⟨

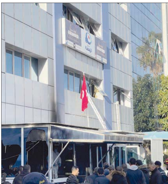
واجهة مقر حركة النهضة إثر تعرضه لحريق أمس وسط العاصمة التونسية

في سياق ذلك، ذكرت مصادر مقربة من حركة النهضة أن المتسبب في الحريق سجين سياسي سابق، جاء إلى مقر حركة النهضة لمقابلة علي العريض، ومطالبتة بتوفير عمل له، بعد أن تعرض لضائقة مالية، مؤكدة أن المتهم قضى سنوات طويلة في السجن، وجاء بحرق بالغة. أما علي العريض، فقد وصلت إلى مكتبه السنة النيران من الدخان، ما أدى إلى اختناقه، فرمى نفسه من الطابق الثاني ليصاب
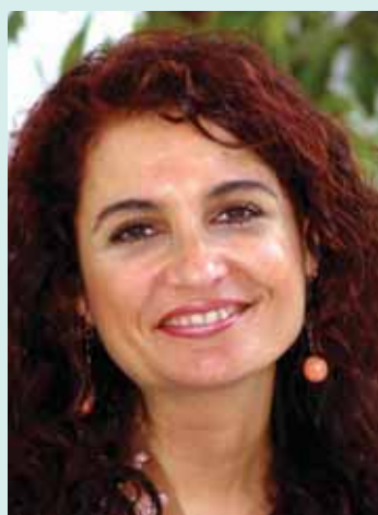
Vallejo da la alternativa a Montero

supuesto, con los numerosos ayuntamientos que han visto remodelados sus mapas de atención primaria a golpe de decreto.
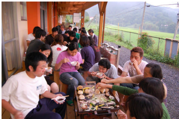
夕食はバーベキューで楽しく
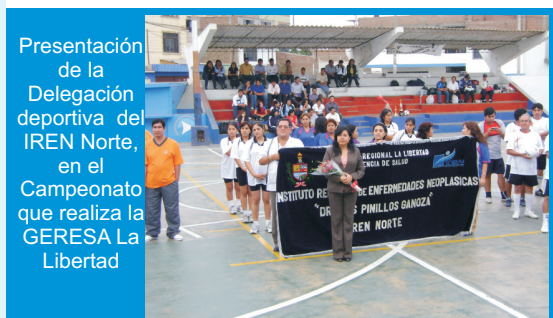
Presentación de la Delegación deportiva del IREN Norte, en el Campeonato que realiza la GERESA La Libertad
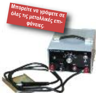
ΓΡΑΦΤΗΣ ΜΕΤΑΛΛΩΝ (61-05-004889)

Μπορείτε να γράψετε σε όλες τις μεταλλικές επιφάνειες.
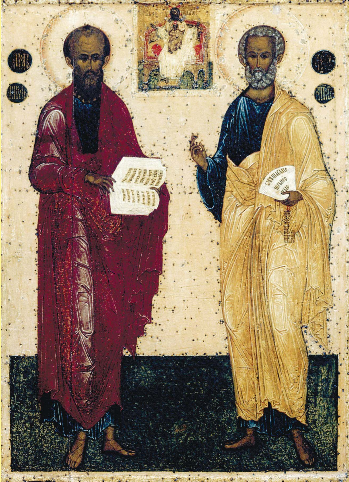
Верховные апостолы Петр и Павел. XVI век

"На асао воссоздания Святой Руси никакого специального благословения не надо. Бы и так имеем его внутри себя." Митрополит Волод (Сысцев).
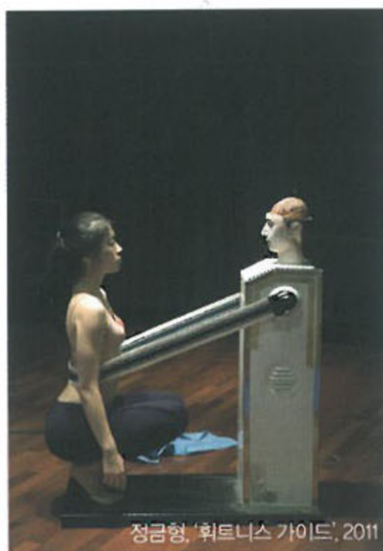
정금형, '휘트니스 가이드', 2011

<Kyuchul Ahn> 'National Museum of Modern and Contemporary Art's Hyundai Motor Series', founded in 2014, selects and supports an artist every year. The second artist selected by the program this year is Kyuchul Ahn, known for portraying social irregularities metaphorically. His work has humorous images, but they imply sharp criticism and political messages. National Museum of Modern and Contemporary Art, Seoul (Sep. 15-Feb. 21, 2016) INQUIRY 3701-9500
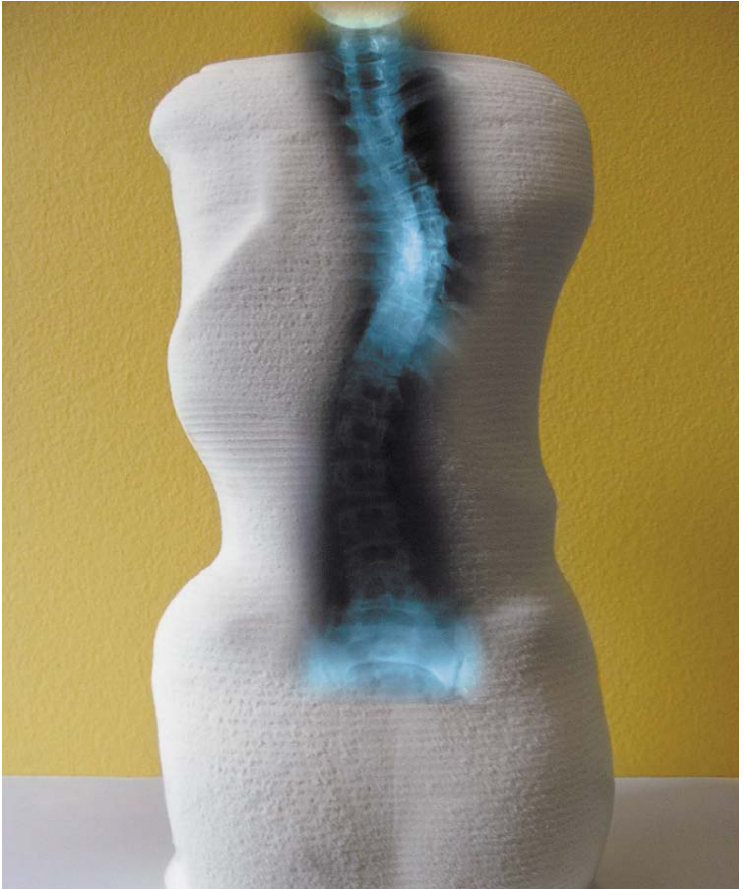
Schaummodell mit projizierter, unkorrigierter Wirbelsäule
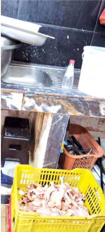
العملية العديد من القصابات.

قامت أول أمس لجنة النظافة ممثلة في مصلحة النظافة التابعة لبلدية السانية، والمفتشة البيطرية وممثل الصحة ومنظمة حماية المستهلك وعناصر الأمن بعملية مراقبة المحلات ذات الطابع الغذائي بحي قارة بلدية السانية أين تم الوقوف على عدة تجاوزات من حيث النظافة حيث تم مصادرة حوالي 21 كلغ من أنواع اللحوم غير الصالحة للاستهلاك البشري كما تم اتخاذ إجراءات إدارية فورية وردعية ضد أصحاب المحلات المخالفة ومنها الغلق الفوري، كما تم توجيه إعدارات لأخرين بذات البلدية. كما أسفرت مؤخراً عملية مراقبة نوعية للسوق الشعبي عن حجز أكثر من 25 كلغ من اللحوم البيضاء وحوالي 1.5 كلغ من أحشاء الدجاج ومست

⟩

▸ What to do
Every line above should be output exactly, except for the pictures.

▸ Completed task
واجهة مقر حركة النهضة إثر تعرضه لحريق أمس وسط العاصمة التونسية

في سياق ذلك، ذكرت مصادر مقربة من حركة النهضة أن المتسبب في الحريق سجين سياسي سابق، جاء إلى مقر حركة النهضة لمقابلة علي العريض، ومطالبتة بتوفير عمل له، بعد أن تعرض لضائقة مالية، مؤكدة أن المتهم قضى سنوات طويلة في السجن، وجاء بحرق بالغة. أما علي العريض، فقد وصلت إلى مكتبه السنة النيران من الدخان، ما أدى إلى اختناقه، فرمى نفسه من الطابق الثاني ليصاب
Vallejo da la alternativa a Montero

supuesto, con los numerosos ayuntamientos que han visto remodelados sus mapas de atención primaria a golpe de decreto.
夕食はバーベキューで楽しく
Presentación de la Delegación deportiva del IREN Norte, en el Campeonato que realiza la GERESA La Libertad
ΓΡΑΦΤΗΣ ΜΕΤΑΛΛΩΝ (61-05-004889)

Μπορείτε να γράψετε σε όλες τις μεταλλικές επιφάνειες.
Верховные апостолы Петр и Павел. XVI век

"На асао воссоздания Святой Руси никакого специального благословения не надо. Бы и так имеем его внутри себя." Митрополит Волод (Сысцев).
정금형, '휘트니스 가이드', 2011

<Kyuchul Ahn> 'National Museum of Modern and Contemporary Art's Hyundai Motor Series', founded in 2014, selects and supports an artist every year. The second artist selected by the program this year is Kyuchul Ahn, known for portraying social irregularities metaphorically. His work has humorous images, but they imply sharp criticism and political messages. National Museum of Modern and Contemporary Art, Seoul (Sep. 15-Feb. 21, 2016) INQUIRY 3701-9500
Schaummodell mit projizierter, unkorrigierter Wirbelsäule
العملية العديد من القصابات.

قامت أول أمس لجنة النظافة ممثلة في مصلحة النظافة التابعة لبلدية السانية، والمفتشة البيطرية وممثل الصحة ومنظمة حماية المستهلك وعناصر الأمن بعملية مراقبة المحلات ذات الطابع الغذائي بحي قارة بلدية السانية أين تم الوقوف على عدة تجاوزات من حيث النظافة حيث تم مصادرة حوالي 21 كلغ من أنواع اللحوم غير الصالحة للاستهلاك البشري كما تم اتخاذ إجراءات إدارية فورية وردعية ضد أصحاب المحلات المخالفة ومنها الغلق الفوري، كما تم توجيه إعدارات لأخرين بذات البلدية. كما أسفرت مؤخراً عملية مراقبة نوعية للسوق الشعبي عن حجز أكثر من 25 كلغ من اللحوم البيضاء وحوالي 1.5 كلغ من أحشاء الدجاج ومست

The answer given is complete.